(Exercise description): Find the line containing "Текстиль для дома" in the entries below. Restate it and each line after it, word for word, up to and including the line containing "Категории товаров в".

(Records for the task):
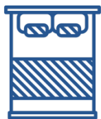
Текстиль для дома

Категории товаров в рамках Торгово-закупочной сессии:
--
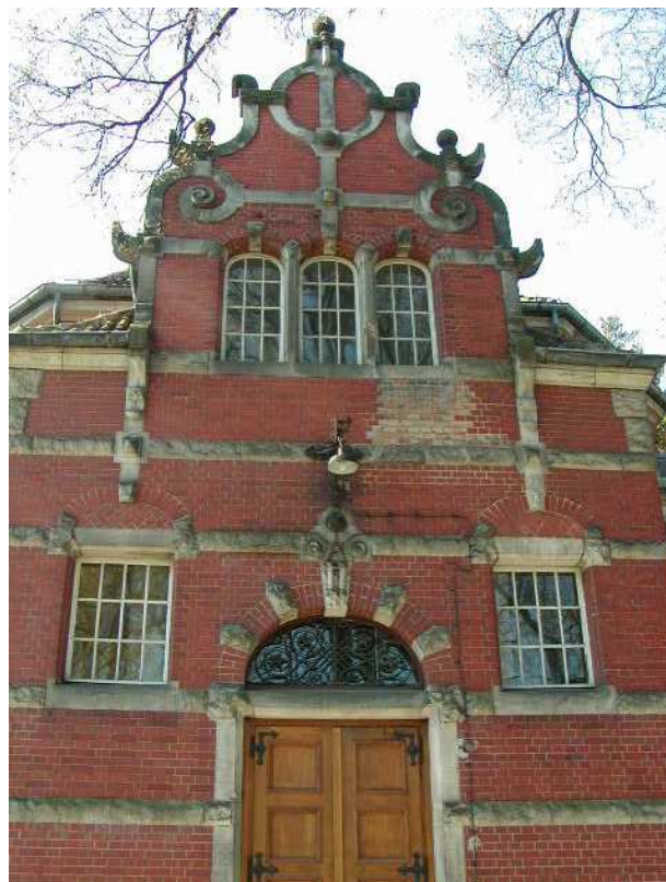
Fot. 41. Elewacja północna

(Answer for this exercise):
Текстиль для дома

Категории товаров в рамках Торгово-закупочной сессии:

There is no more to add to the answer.